CRISPR/CAS9 induces indels in the 2-cell stage embryo
Lastly, we decided to go further and try to detect the earliest indels induced by CRISPR/Cas9 system in a third gene: calpn1a. To do so, we extracted genomic DNA from early embryos from the very first cell division and onwards until the sphere stage (Fig. 3a). As a result, using our fast HRM assay, we performed mutagenesis kinetics from the very beginning of embryogenesis until the late blastula stage. Interestingly, we were able to detect indels within calpn1a coding sequence in embryos as early as the 2-cell stage (just after the first cell division; n = 4/37). To our knowledge, this is the earliest time point at which CRISPR/Cas9 mutagenesis has been identified in zebrafish embryos. The percentage of embryos with indels increases significantly during embryogenesis after each cell division and reached 100 % efficiency at the sphere stage (Fig. 3b). This is illustrated by the increasing number of green non-smooth curves during embryogenesis (Fig. 3a, b). This result demonstrates that the CRISPR/Cas9 system is functional very soon after microinjection but that the DNA repair mechanisms are likely actively reversing the majority of induced mutations.
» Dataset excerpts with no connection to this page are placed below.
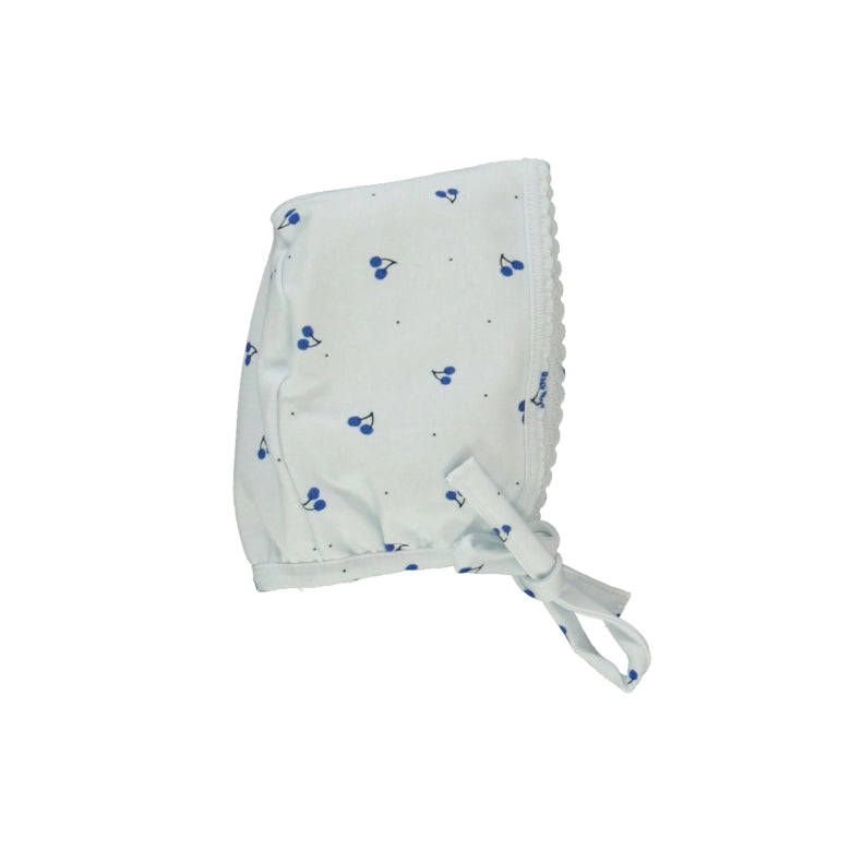 Noah Bonnet in the cutest blue cherry print is crafted from the softest organic cotton. Features snug comfortable fit and ribbon ties under the chin. A lovely and must-have item that can be matched with all Noah line products.
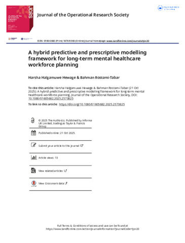 A hybrid predictive and prescriptive modelling framework for long-term mental healthcare workforce planning.
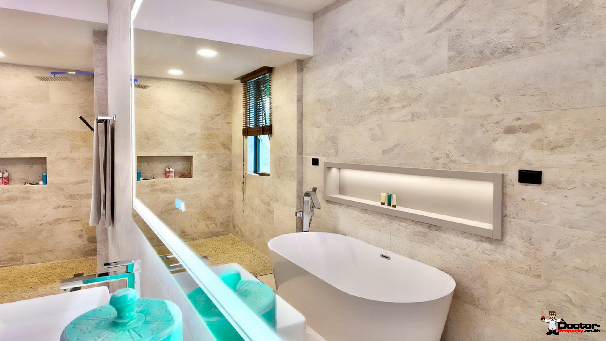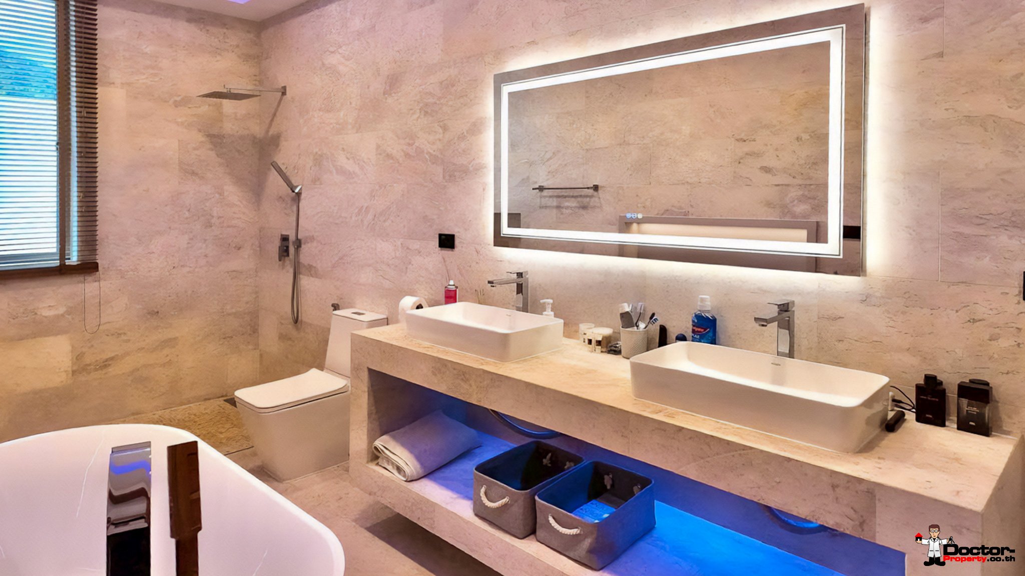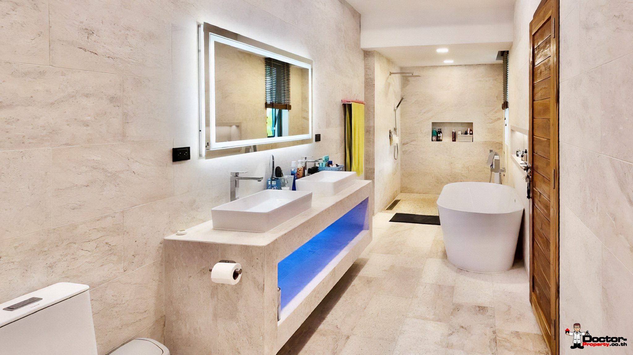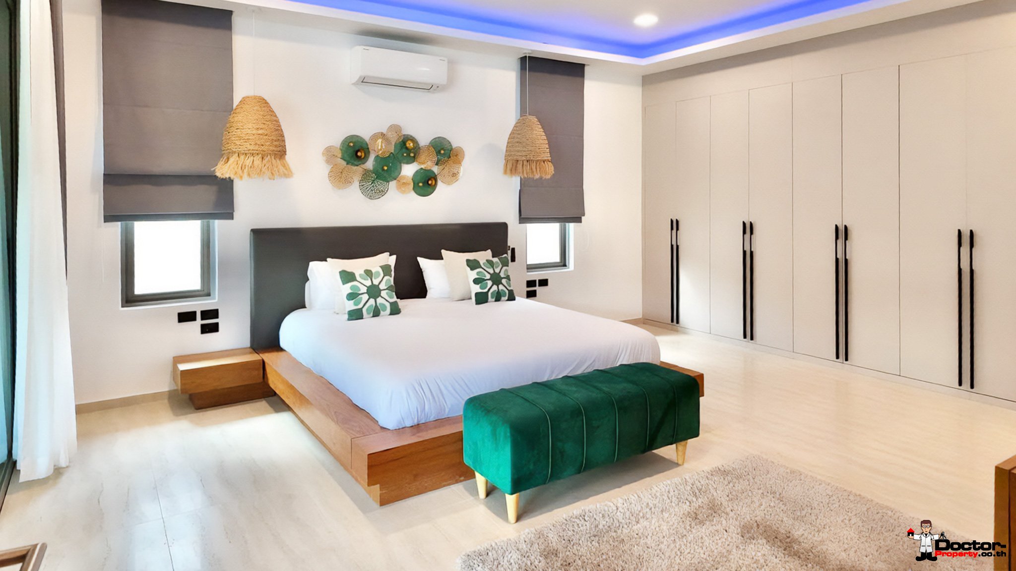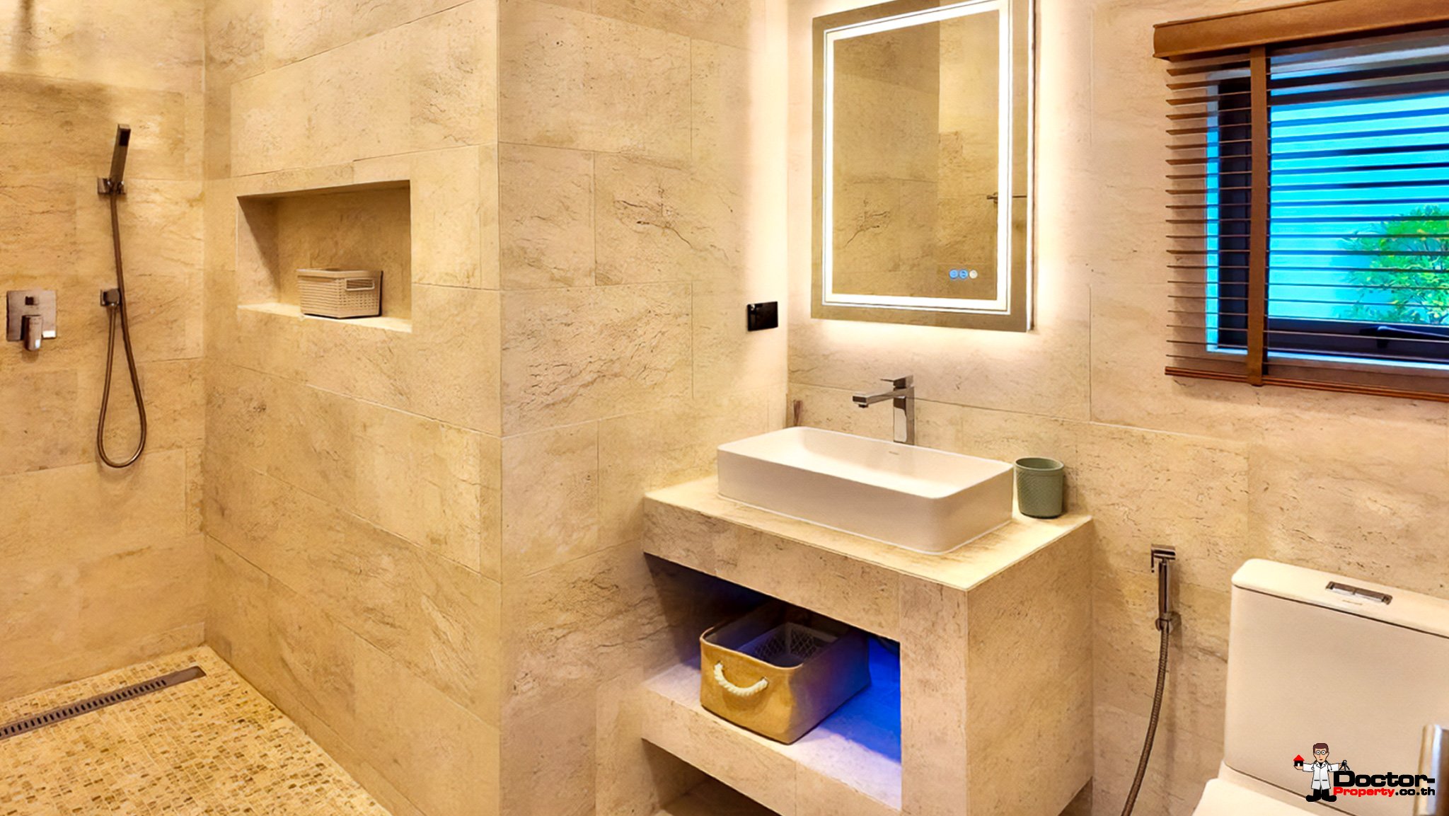 วิลล่าหลังนี้ตั้งอยู่บนพื้นที่กว้างขวาง 930 ตารางเมตร พื้นที่ใช้สอยรวม 510 ตารางเมตร ได้รับการออกแบบอย่างพิถีพิถันเพื่อมอบทั้งความสะดวกสบายและความหรูหรา ประกอบด้วยห้องนอนกว้างขวาง 5 ห้อง แต่ละห้องมีห้องน้ำในตัว และห้องน้ำสำหรับแขกอีก 1 ห้อง เพื่อความเป็นส่วนตัวและความสะดวกสบายสำหรับครอบครัวและผู้มาเยือน การตกแต่งภายในตกแต่งด้วยเฟอร์นิเจอร์ไม้สักและรายละเอียดต่างๆ ครบครัน เสริมด้วยหินทราเวอร์ทีนในห้องน้ำทุกห้องและบนระเบียง มอบความงามอันประณีตแต่ยังคงความเป็นธรรมชาติ ทุกห้องมีตู้เสื้อผ้าแบบบิลท์อินและแบบวอล์กอิน ส่วนห้องนั่งเล่นและห้องรับประทานอาหารแบบเปิดโล่งเชื่อมต่อกับพื้นที่กลางแจ้งได้อย่างกลมกลืน
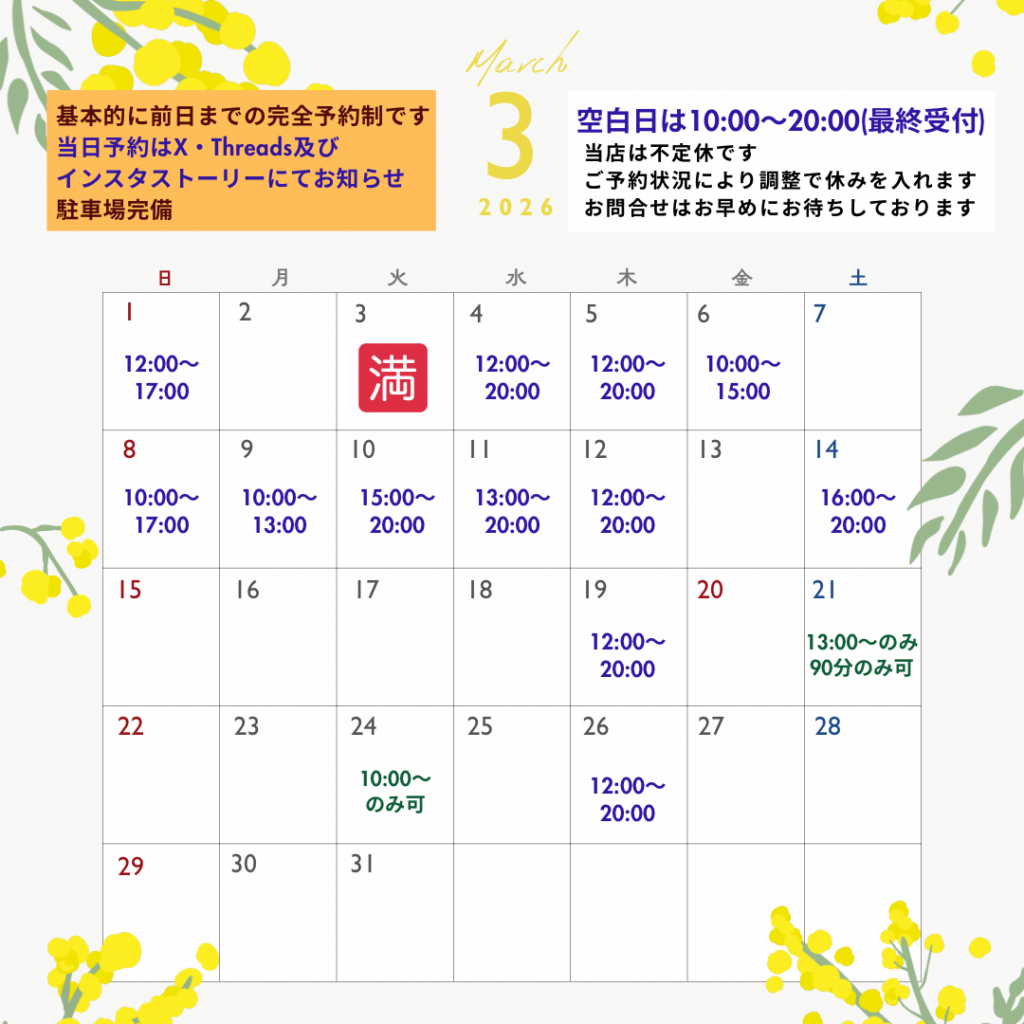 3月最新の営業カレンダーのお知らせです

However, error-prone none-homologous end joining allowed mutations to occur at the locus of interest (e.g. calpn1a) in about 11 % of embryos after the second cell division and this percentage increases to 70 % in 8-cell embryos (Fig. 3b). Interestingly, our quantification suggests that the majority of CRISPR/Cas9-induced mutations arose between the 8-cell and the 32-cell stages during which we observe the maximum variability in the percentage of embryos bearing mutations. This percentage reached a plateau from the 64-cell stage onwards with only a few non-mutated embryos at this stage (n = 37/40) to finally reach 100 % of mutant embryos at the sphere stage (n = 40/40).